Это очень удачный ход для разработки желудочной проблематики. Всем известно: голодно было. И потом: война же все спишет. Вокруг нее существует столь мощная аура мифов, что за этим сиянием можно даже акулу закутать в шинель, и никто не заметит, что это не человек, а акула. Но давайте не будем все-таки путать божий дар с яичницей. К войне можно относиться как к чему-то святому только в том случае, если погибшие и выжившие в ней – именно люди. То есть – возвысились над своими же скотскими нуждами, идут на смерть не для того, чтоб нажраться, и не потому, что сзади стоит пулемет заградотряда, но – потому, что у них есть некие человеческие «предрассудки» (любовь к родине, долг, честь, оскорбленное достоинство, чувство справедливости и т. д.).

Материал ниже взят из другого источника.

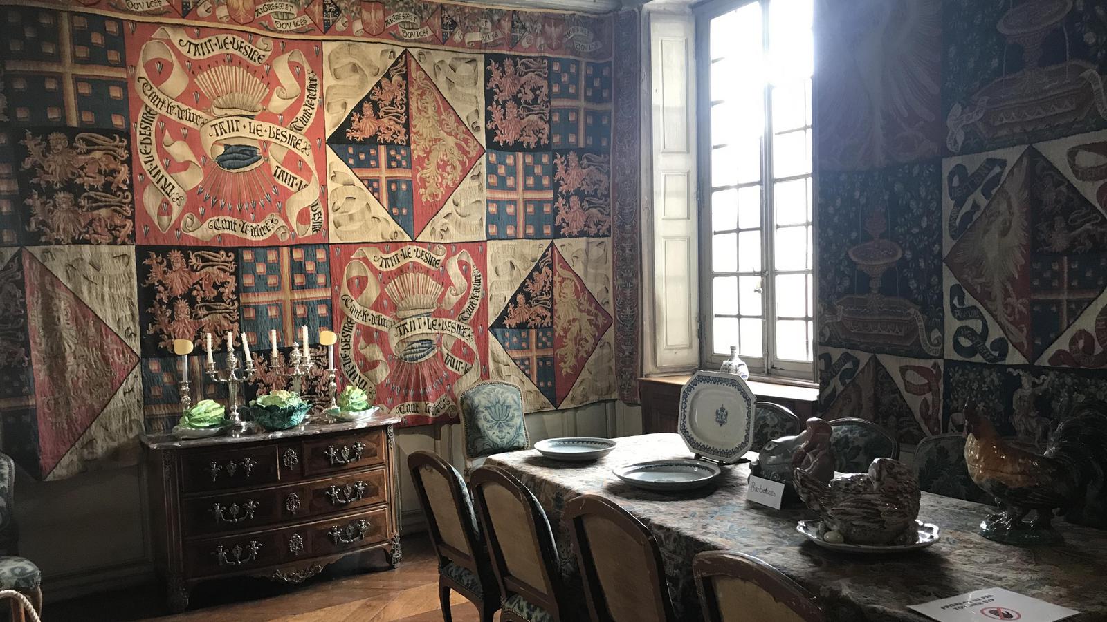 L'entrée est à 7,90€ par personne, pour l'intérieur et le parc. Le château est entouré de douves et de pelouses bien entretenues. Il est occupé par la même famille, par successions et alliances, depuis près de 9 siècles. La famille de Voguë qui l'habite et l'entretient actuellement est la 26è génération de propriétaires. il a traversé la révolution sans être détruit ou pillé et on peut y voir des meubles et des tapisseries du XVIIè siècle. Nous passons un agréable moment.

Это так в любой армии и на любой войне, и если этого нет, то речь должна идти о бойне, разборке, наезде, схватке за пищу, но никак не о священной войне. Конечно, на всякой войне много скотства, но как раз оно-то и не имеет отношения к подвигу человека.

Собственно Астафьев и не скрывает того, что конкретика этой войны его мало интересует. Роман почти нарочито выстроен так, что оставляет за своими рамками все именно военные аспекты – стратегические, военно-исторические, географические, технические… Даже спутаны названия самолетов, Днепр подчеркнуто назван Великой рекой. Это все потому, что автор смотрит на войну из земляной щели, а оттуда мало что видно. То есть видно, что где-то стреляют, кого-то убили, орет командир, страшно, холодно, больно… Какая уж тут стратегия? Но зато здесь в беспримесном виде могут явиться экзистенциальные проблемы человека, превозмогающего самого себя перед лицом смерти. Образцов такого рода «солдатской прозы» в мировой литературе много.

Но Астафьев-то здесь совершенно ни при чем. Ему чуждо все специфически человеческое, даже отвратительно. Вот, например, как он характеризует нормальное человеческое усилие подняться над собственным брюхом, не дрожать за шкуру: «Всю-то дорогу из кожи вон лезет двуногая козявка, чтобы доказать, что она – великан и может повелевать всем, даже смертью, хоть и боится ее, смерти-то, вопит со страху: “И звезды ею сокрушатся, и солнцы ею потушатся”». Тут прямо полемика «нового Державина» с Державиным настоящим, который ведь написал не только эти иронически процитированные Астафьевым стихи, но и: «Я телом в прахе истлеваю, // Умом громам повелеваю, // Я царь – я раб – я червь – я Бог!».
 
«Таракан не ропщет»

В романе Астафьева мы практически не встречаем людей. У него вместо них – «двуногие козявки», олицетворения различных аспектов деятельности чрева. Но как раз этим-то он и интересен. Ведь чревом называются не только внутренние органы, анатомически располагающиеся ниже диафрагмы, но и соответствующая этому уровню жизнедеятельности ментальность, если угодно, даже – психология и мировоззрение чрева, приблизительно сходные с таковыми у червя или таракана. Так вот, когда Астафьев не делает потуг создать нечто идеологически выдержанное, а просто пишет, давая полную волю своему бессознательному, он очень точно и убедительно изображает повадки некоего насекомого или червеобразного существа. Это оно вгрызается (или заставляет людей вгрызаться) в мерзлую конскую тушу, оставляет свои выделения где попало, в борьбе за жизнь топит ближнего, подличает, ворует…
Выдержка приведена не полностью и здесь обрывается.